TAI zone?

Guy Harris guy at alum.mit.edu
Thu Jun 30 01:57:12 UTC 2011


On Jun 29, 2011, at 6:20 PM, Paul Koning wrote:

> Never mind, I guess my leg just got pulled.

For the full story, read section 4.15 "Seconds Since the Epoch" of

	http://pubs.opengroup.org/onlinepubs/9699919799/basedefs/V1_chap04.html

and

	http://pubs.opengroup.org/onlinepubs/9699919799/functions/time.html

and

	http://pubs.opengroup.org/onlinepubs/9699919799/functions/localtime.html

and

	http://pubs.opengroup.org/onlinepubs/9699919799/functions/mktime.html

and section A.4.15 "Seconds Since the Epoch" of

	http://pubs.opengroup.org/onlinepubs/9699919799/xrat/V4_xbd_chap04.html

In a sane world:

	1) time() would return a value that tries its hardest to be a count of the number of seconds that have elapsed since 1970-01-01 00:00:00 UTC (meaning it doesn't stop during a positive leap second, nor does it leap ahead when a negative leap second occurs);

	2) gmtime() would convert that value to the appropriate set of numbers for the UTC label for that instant in time, including the seconds value being "60" or "61" or whatever's involved in properly handling leap seconds;

	3) localtime() would convert that value to the appropriate set of numbers for the local time label for that instant in time, including the previous plus time zone conversion;

	4) mktime() would convert the other way as best as can be done given any cases where multiple instances of time have the same labels.

At least as I read Annex I of

	http://www.cl.cam.ac.uk/~mgk25/volatile/ITU-R-TF.460-4.pdf

it says that TAI is, ultimately, a counter that ticks once per second:

	B. International Atomic Time (TAI)

	The international reference scale of atomic time (TAI), based on the second (SI), as realized at sea level, is formed by the Bureau international des poids et mesures (BIPM) on the basis of clock data supplied by cooper- ating establishments.

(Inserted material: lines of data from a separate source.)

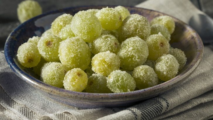 Приготовление этого легкого и освежающего десерта не отнимет у вас много времени. Вам понадобятся: виноград, 2 ст. л. сахара и 2 стакана белого сухого вина. Смешайте виноград с вином и сахаром, залейте в банку и закройте крышкой. Поставьте в холодильник на ночь — за это время ягоды впитают алкоголь. Затем достаньте виноградины, обваляйте в сахаре и поставьте еще на пару часов в морозильник.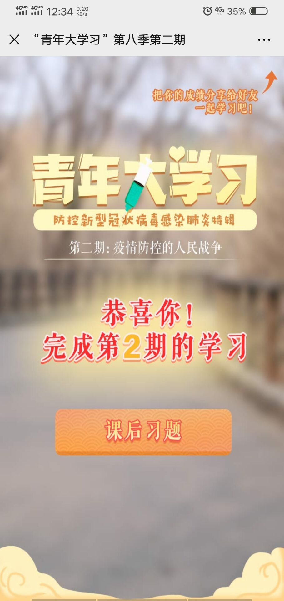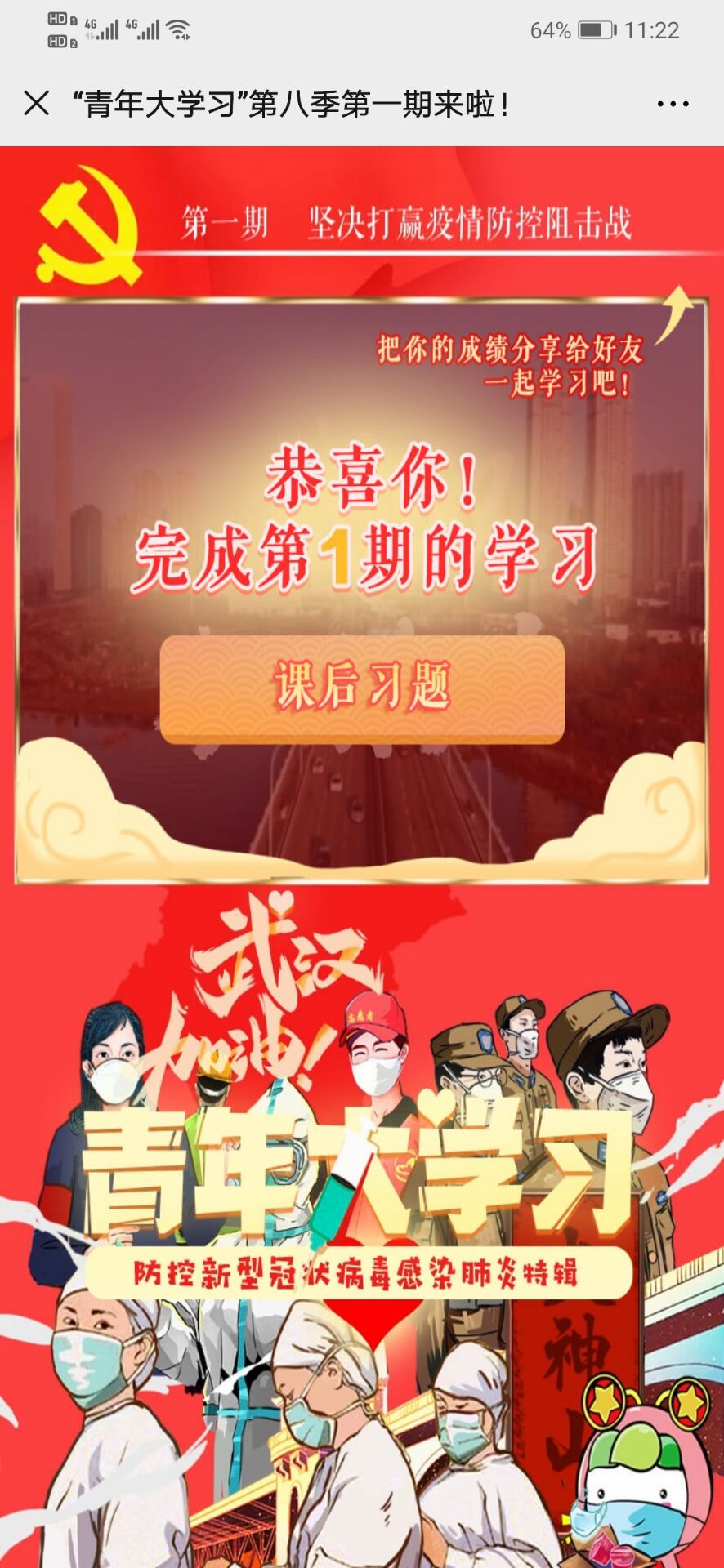 通过这两期青年大学习的学习和答题,同学们从一线的防护人员身上看到了他们敬业精神,提升了民族自信心、自豪感,深刻明白了发动群众、依靠群众巨大力量的重要性。同时作为新时代青年,同学们也将以科学防控的态度,树立万众一心、抗击疫情的信心。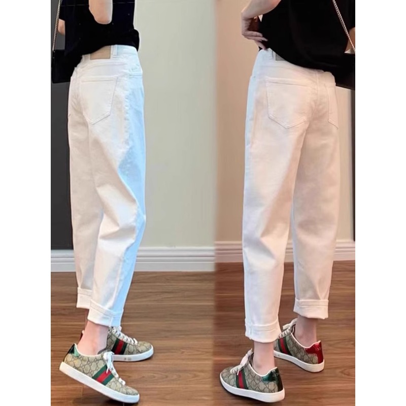 Celana Jeans Harem Celana Ayah Sembilan Poin Warna Putih Ukuran Besar Bentuk Pir Longgar Terlihat Langsing Pinggang Tinggi Model Baru Musim Semi Musim Panas 2025 Wanita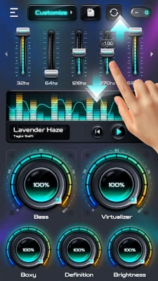 Volume equalizer and bass booster App with 5 bands can boost volume and adjust the sound quality. As you know, raising the volume but lowering the sound quality is a common problem with many Extra Volume Booster App.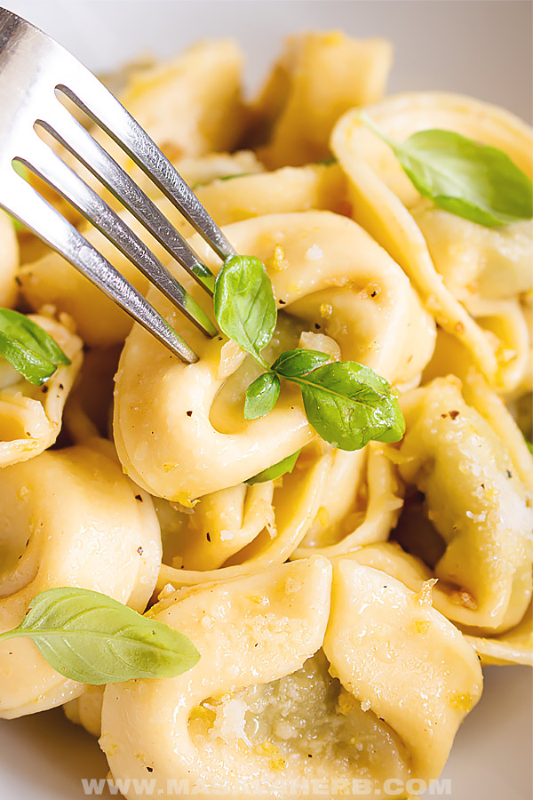 A simple but flavorful tortellini dinner meal idea, coated in a skillet with lemon, garlic, basil and olive oil.

It is in the form of a continuous scale, e.g. in days, hours, minutes and seconds from the origin 1 January 1958 (adopted by the CGPM 1971).

(which sounds like "seconds since the TAI Epoch", where the TAI Epoch is the beginning of 1958-01-01 in, presumably, Greenwich in the UK).  I'm not quite sure what it's saying about UTC:

	C. Coordinated Universal Time (UTC)

	UTC is the time-scale maintained by the BIPM, with assistance from the International Earth Rotation Service (IERS), which forms the basis of a coordinated dissemination of standard frequencies and time signals. It corresponds exactly in rate with TAI but differs from it by an integral number of seconds.

	The UTC scale is adjusted by the insertion or deletion of seconds (positive or negative leap-seconds) to unsure approximate agreement with UT1.

"Corresponds exactly in rate with TAI" sounds like "ticks once per second".  I'm not sure what "the UTC scale" in "The UTC scale is adjusted by the insertion or deletion of seconds (positive or negative leap-seconds) to unsure approximate agreement with UT1." means; does it mean that the "integral number of seconds" between UTC and TAI varies over time (which means UTC is *not* a counter that ticks once per second), or does it mean that if you attach date/hour/minute/second labels to values on the UTC scale, they don't always go from, say, {date}/23/59/59 to {date+1}/00/00/00 - they might jump from {date}/23/59/58 to {date+1}/00/00/00, or from {date}/23/59/59 to {date}/23/59/60 to {date+1}/00/00/00?